▸ **What you will do**
Could you set down only the lines from the one including "최근 전역증 재발급이" to the end of the records below, inclusive and exact, leaving pictures out?

▸ **Raw data**
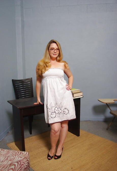 Alluring blonde fat Tera Knightly in sexy skirt showing big hooters and hot butt
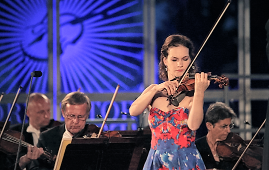 Los conciertos se desarrollan en un muy atractivo marco natural frente al mar, condicionados, claro, por el problema de la lógica amplificación, generalmente bien resuelto, pero no lo suficiente para suplir la acústica reverberante de un espacio cerrado. A pesar de esa limitación pudimos degustar en esta oportunidad de una velada musical de altos vuelos en la que fue estrella la violinista norteamericana Hilary Hahn (1979), artista que siempre se ha caracterizado por una limpieza de arco sensacional, una afinación perfecta, un fraseo conciso y comedido, pero dotado de una tensión interior de alto voltaje. El sonido no es muy grande, lo que se compensa con una espectacular vibración.
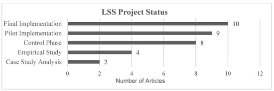 Most articles described LSS projects applied in a real laboratory environment totaling 27, while others were theoretical or without implementation. Projects that led to permanent changes to workflow are classified in the articles as being in the final implementation and control phase, with 18 out of the 33 articles in this category. In contrast, 9 of the 33 articles that focus on pilot projects provide no information on final implementation or whether the project led to permanent process changes. This classification is important for identifying unforeseen events during or after the optimization process and the mid/long-term effects in a real environment after project implementation.
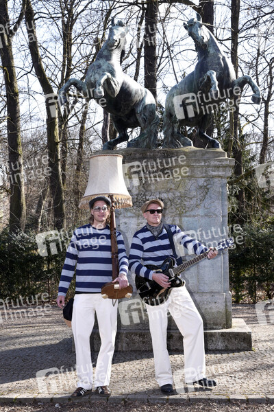Guido und Günter von der Guten A-Band beim Videodreh zum Lied 'Radlg'fahrn und G'schmissn' der Guten A-Band im Bavariapark und auf der Theresienwiese. München, 26.03.2021
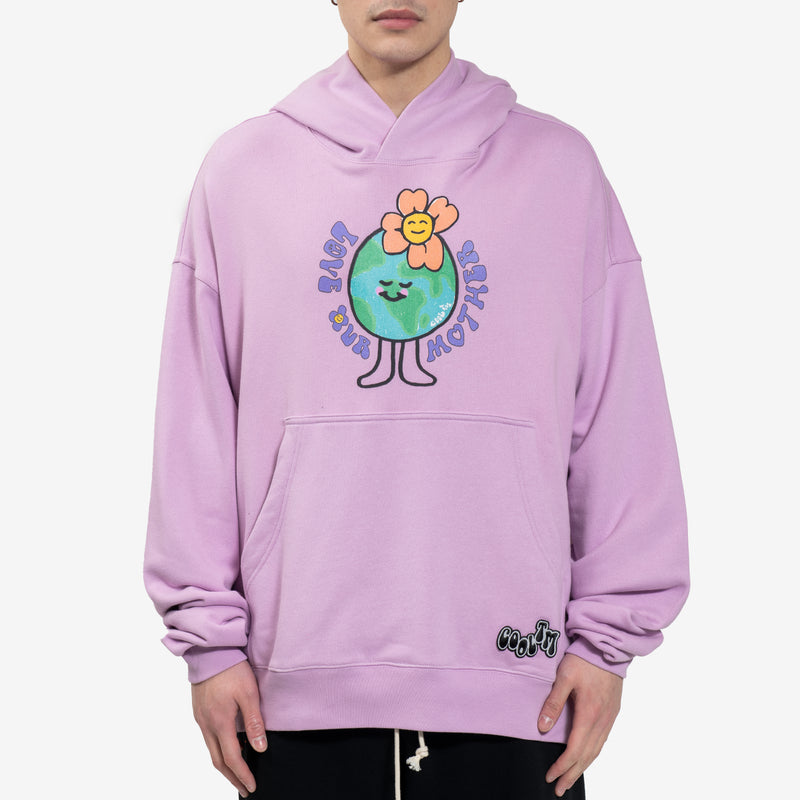 This oversized hoody, part of our Love our Mother collection, features a printed graphic on the front, a hood, a kangaroo pocket, and rib knit cuffs and hem. It is made of 100% cotton and manufactured in Portugal.
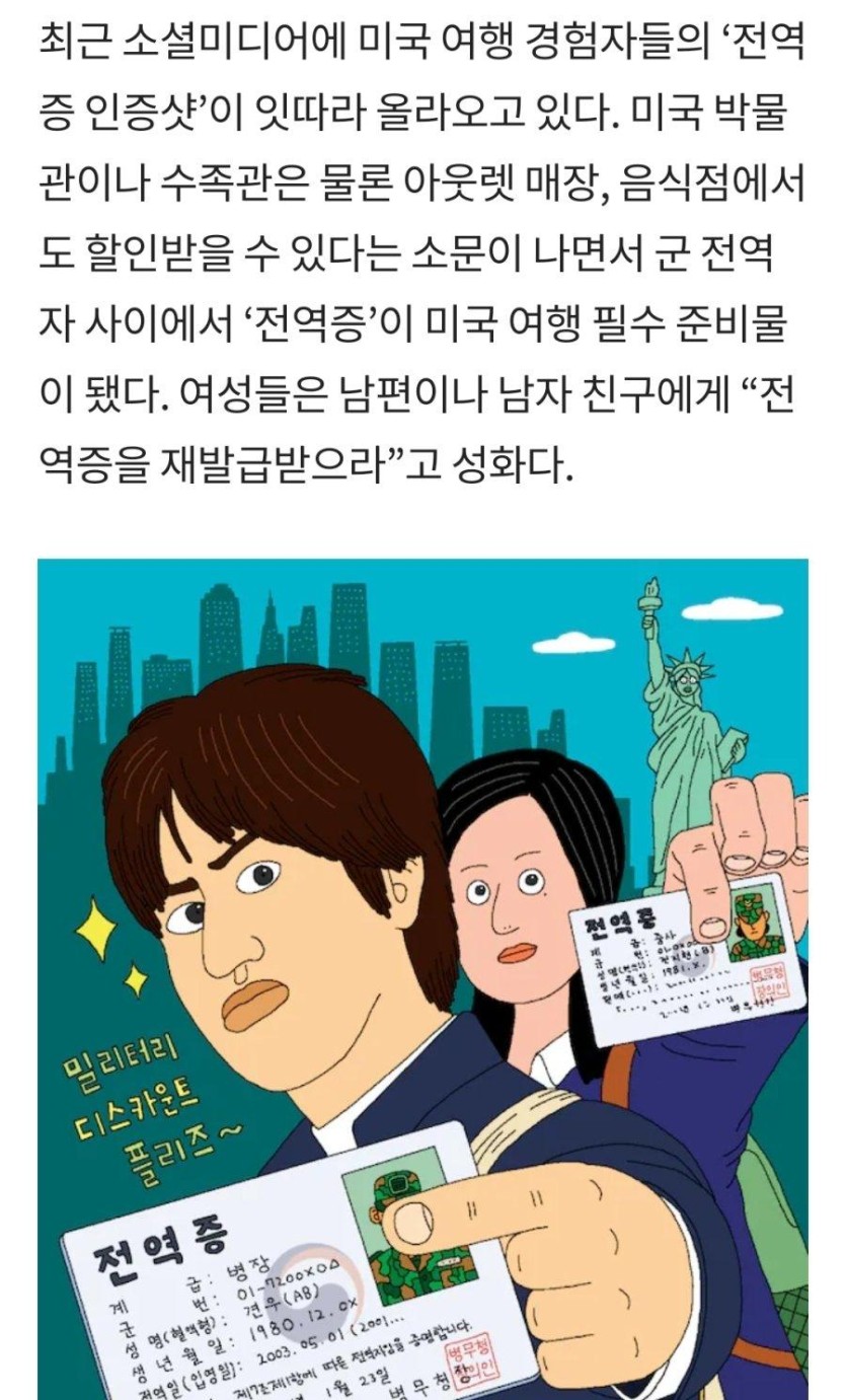 최근 전역증 재발급이 급증한 이유 rh1 0 81 0 2025.02.17 13:15 미국에서는 전역 군인들한테 할인해주는 가게가 많음.아웃렛, 식당, 호텔, 백화점 등등 최대 20% 까지미국은 특히 과거 전쟁에서는 한국을 혈맹으로 인식하기 때문에 한국 군인도 인정해 준다고미국은 모병제라 더 챙기는 감이 있지만 한국이 전역 후에 뭔가가 적은건 사실이다자국보다 미국가서 더 대우받는다는게 웃기긴 하네 0
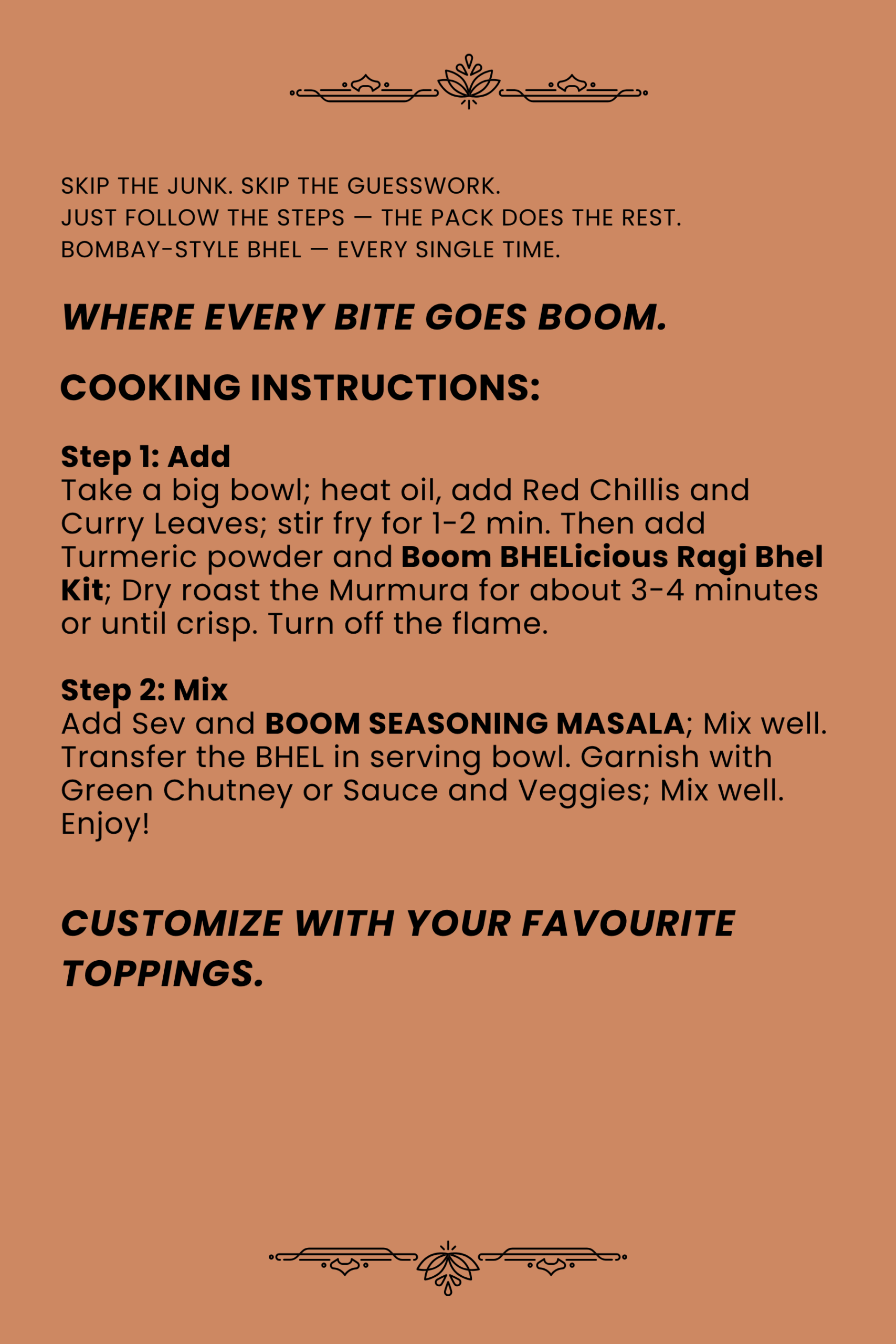 Add Sev and Boom BHELicious SEASONING MASALA; Mix well. Transfer the BHEL in serving bowl. Garnish with Green Chutney or Sauce and Veggies; Mix well. Enjoy!
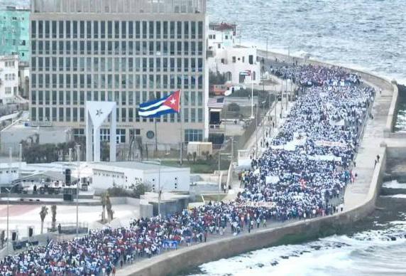 Este año no iba a ser menos y recientementese llevó a cabo una gran marcha de apoyo a la revolución y denuncia del bloqueo y las sanciones que el imperialismo impone al proyecto cubano, y más aun después de la jugada de Biden que en un movimiento testimonial y efímero que a días de acabar su mandato anunció la retirada de Cuba de la Lista de Estados Patrocinadores del Terrorismo, una decisión que pudiera aliviar parcialmente el estrangulamiento económico que sufre la isla. Un espejismo que Donald Trump se apresuró a disolver nada más jurar el cargo y anunció que revertía esta y el resto medidas adoptadas por su predecesor, intensificando de nuevo las sanciones contra Cuba y se prevén más.
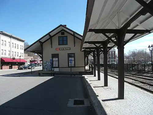 New Milford station is a former railroad station on Railroad Street in New Milford, Connecticut. Built in 1886 by the Housatonic Railroad Company, it cemented the town's importance as a regional tourist and business center. It served passenger service until 1971, and is now home to the Greater New Milford chamber of commerce.[2] It was listed on the National Register of Historic Places in 1984.[1]

▸ **Task answer**
 최근 전역증 재발급이 급증한 이유 rh1 0 81 0 2025.02.17 13:15 미국에서는 전역 군인들한테 할인해주는 가게가 많음.아웃렛, 식당, 호텔, 백화점 등등 최대 20% 까지미국은 특히 과거 전쟁에서는 한국을 혈맹으로 인식하기 때문에 한국 군인도 인정해 준다고미국은 모병제라 더 챙기는 감이 있지만 한국이 전역 후에 뭔가가 적은건 사실이다자국보다 미국가서 더 대우받는다는게 웃기긴 하네 0
 Add Sev and Boom BHELicious SEASONING MASALA; Mix well. Transfer the BHEL in serving bowl. Garnish with Green Chutney or Sauce and Veggies; Mix well. Enjoy!
 Este año no iba a ser menos y recientementese llevó a cabo una gran marcha de apoyo a la revolución y denuncia del bloqueo y las sanciones que el imperialismo impone al proyecto cubano, y más aun después de la jugada de Biden que en un movimiento testimonial y efímero que a días de acabar su mandato anunció la retirada de Cuba de la Lista de Estados Patrocinadores del Terrorismo, una decisión que pudiera aliviar parcialmente el estrangulamiento económico que sufre la isla. Un espejismo que Donald Trump se apresuró a disolver nada más jurar el cargo y anunció que revertía esta y el resto medidas adoptadas por su predecesor, intensificando de nuevo las sanciones contra Cuba y se prevén más.
 New Milford station is a former railroad station on Railroad Street in New Milford, Connecticut. Built in 1886 by the Housatonic Railroad Company, it cemented the town's importance as a regional tourist and business center. It served passenger service until 1971, and is now home to the Greater New Milford chamber of commerce.[2] It was listed on the National Register of Historic Places in 1984.[1]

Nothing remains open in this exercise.